In LevelDB we store the timestamps in a separate DB, doing 2 LevelDB writes
for every store write (with expiration), and I would be very interested in
an alternative solution that only wrote to 1 DB.


> >> Also, I'd get rid of generics. They are not helping at all, I can
> >> hardly couple my custom CacheStore implementation to the end user's
> >> domain model, right?
> >
> >
> > I can see the user writing a custom JDBC store that stores the object's
> > properties into separate columns and thus supporting a single type. But
> it's
> > a pretty specialized case, and the user can very well do the casts
> himself.
>
> Exactly
>
> >
> > Maybe Paul and Will have more stuff to add here, they been discussing
> about
> > generics in the cache store SPIs around
> > https://github.com/infinispan/infinispan/pull/2705
> >
> >>
> >> I was also quite surprised that other existing CacheStore
> >> implementations don't have this limitation; peeking in the
> >> JDBCCacheStore to see how this is supposed to work, it seems that
> >> essentially it duplicates the data by serializazing the
> >> InternalMetadata in the BLOB but also stored an Expiry column to query
> >> via SQL. I was interested to see how the Purge method could be
> >> implemented efficiently, and found a "TODO notify listeners" ;-)
> >
> >
> > I believe the reason why we don't support purge listeners in the JDBC
> store
> > is that we don't want to fetch the entries from the database at all. We
> > can't ask CacheNotifier whether there are any listeners registered ATM,
> we
> > need that to avoid the overhead when there are no listeners.
>
> I understand the reason, still it's wrong isn't it ;-)
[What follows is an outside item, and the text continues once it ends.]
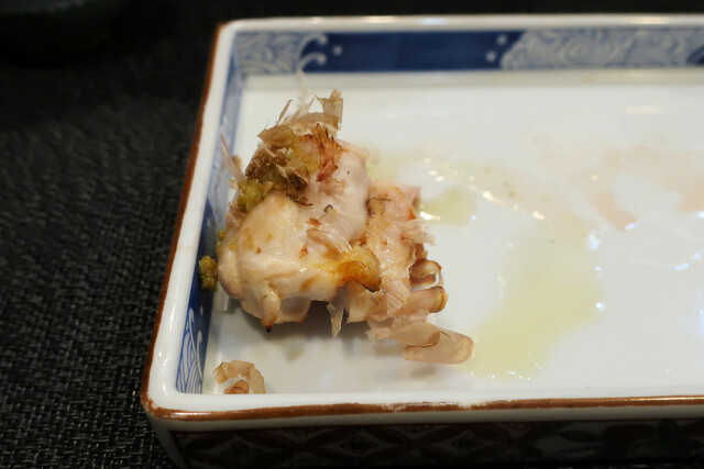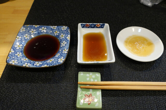 薬味は山葵、柚子胡椒、塩油、肝醤油などなど。

> Having to load each entry for the "maybe there's a listener" case is
> definitely silly, we should inform the CacheStore instance if
> notifications are needed or not, and if they need just the key or the
> whole entry, no need for metadata.
> And for CacheStore instances which don't respect this we should at
> least document the limitation, or open a JIRA to get it done. Would
> you agree if I opened issues for each weirdness I'm finding in the
> existing CacheStore implementations? I've hit some more in the
> meantime.
>
>
Sure. I'm not too enthusiastic about changing the persistence SPI, but we
should at least have a discussion on the pros and cons of the choices we
are making there.


>
> >
> >>
> >> All other JDBC based stores serialize buckets in groups, REST store
> >> doesn't do purging, LevelDB also does duplication for the metadata,
> >> Cassandra is outdated and doesn't do events on expiry.